En busca de la cotidianidad perdida

Groucho modela la cotidianidad con el sombrero puesto

Por Oscar Domínguez Giraldo

Sí, el año no se ha acabado pero decidí reunirme conmigo mismo, hice  mayoría y de  nuevo declaré la cotidianidad como mi personaje del año por primera vez en tiempos de coronavirus, ese “ladrón de esquina” que nos patasarribió la existencia. 

Al llegar a Estocolmo, después de afrontar mil zozobras, una refugiada siria sintetizó  así la importancia de lo cotidiano: Todo lo que quería era volver a abrir y a cerrar una puerta. 

Es un goce pagano disfrutar la condición del mortal que despierta a la vida,  se toma un café instantáneo de celador, o uno más sofisticado, se baña, se enoja o se alegra, lee o relee un poema que le habría gustado escribir, busca un horóscopo que lo favorezca, habla pestes del gobierno. O bondades. 

Son placeres de los dioses ver pasar una nube, prender o apagar la luz, pararse en una esquina, parecerse o jugar con la mascota, chatear con la almohada, guaquear en los vericuetos de Internet, perderse en el anárquico centro de cualquier ciudad. 

Deleites adicionales son esperar ese correo electrónico o wasap que nos cambiará la vida, o no, ver pasar el tren, oír cantar el gallo así no sepamos dónde, creer o no creer en el que reparte dones, engullirse algo que vaya contra la dieta ordenada por el médico, mirar cómo “las golondrinas trazan letras misteriosas como escribiendo un adiós”. 

No está mal disfrutar del colibrí que reúne – gratis- toda la magia del Circo del Sol. O escuchar la sinfonía del cucarachero con el que redistribuimos el ingreso, y a cambio nos hace abuelos. 

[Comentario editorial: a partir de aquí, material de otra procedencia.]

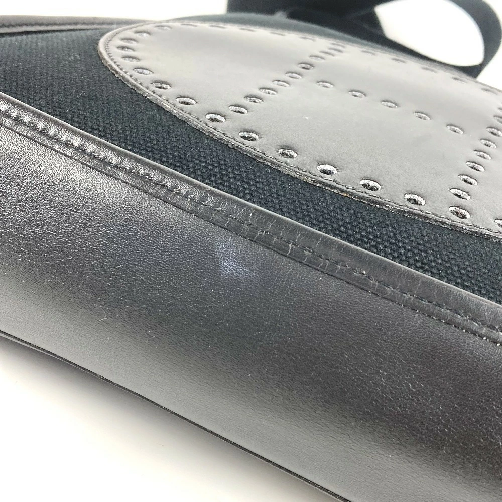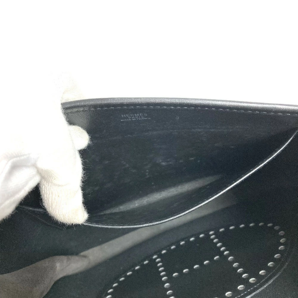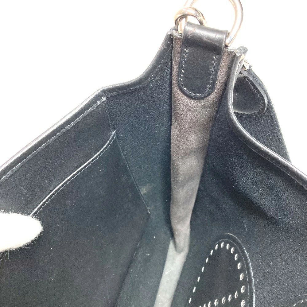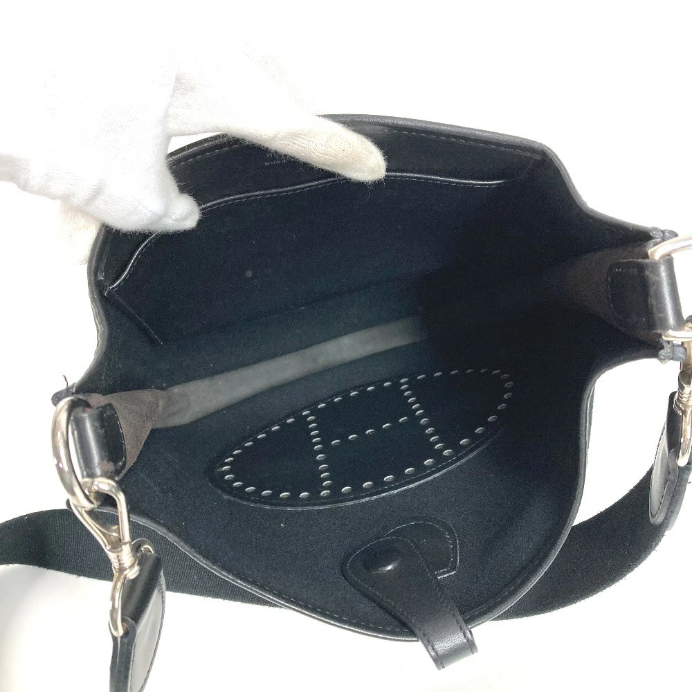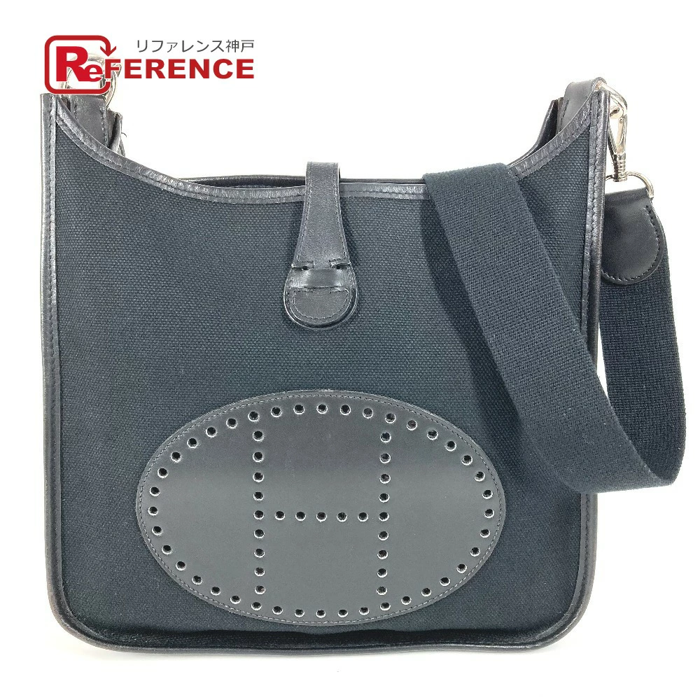 Pre-owned HERMES Evelyne 1 PM shoulder bag in leather/canvas, black.

El padre Astete aporta a la cotidianidad su menú de pecadillos monótonos para cometer: soberbia, avaricia, lujuria, ira, gula, envidia (el pecado más inútil del repertorio), y pereza (con razón el gato es su logotipo).  

Claro que llega un momento en  nuestra cotidianidad en el que los pecados –incluido el sí fornicar- se retiran de nosotros, en ningún caso nosotros de ellos. Son las implacables reglas del juego. 

Hasta pasar la página de una novela tiene su encanto. Sobre todo si al doblar la página sabremos quién fue el traidor. O el infiel. 

En acción de gracias por los servicios prestados, deberíamos invitar a un asado a la cama, la mesa de comedor, la biblioteca, la mesita de noche que conoce nuestras debilidades,  la lagartija que nos sorprende con su ingenua melodía. 

El espejo espera un besito en reciprocidad por recordarnos que somos fugaces y prescindibles como las crispetas. También es válido recitar ante él en voz alta este pensamiento leído por ahí: “Tenemos que emerger de la pandemia menos arrogantes”. Y claro, darle las gracias a su autor, Venki Ramakrishnan.  

La llave que obra la magia de permitirnos entrar y salir de nuestro apartamento merece un bolero bien apretado. ¿Y qué tal la ventana que “siempre está mirando hacia afuera”, como decía una niña? 

No me desvelan las leyes de la inercia, la relatividad o la gravedad, pero celebro el glorioso descubrimiento del clip y agradezco el invento del pararrayos que quién sabe de cuántas muertes seguras me ha salvado.  

Celebro la reproducción de una partida de ajedrez donde se puede encontrar tanta belleza como en una rosa o en un soneto de Quevedo. Me sacude  la apetitosa vecina del cuarto piso que con su estudiado desdén me notifica que de esa agua no beberé. 

En el campo, un cocuyo, central hidroeléctrica en miniatura, nos hace grato el tiempo que dura su esplendor. El cocuyo es una metáfora de nuestra propia vida, menos de la diezmillonésima parte de suspiro, comparado con la eternidad. 

Coronavirus, “ladrón de esquina”, estás en mora de devolvernos la cotidianidad, la rutina, lo simple. No te quitamos más tiempo. Andate aunque te vaya bien. (Estas líneas pasaron por el quirófano)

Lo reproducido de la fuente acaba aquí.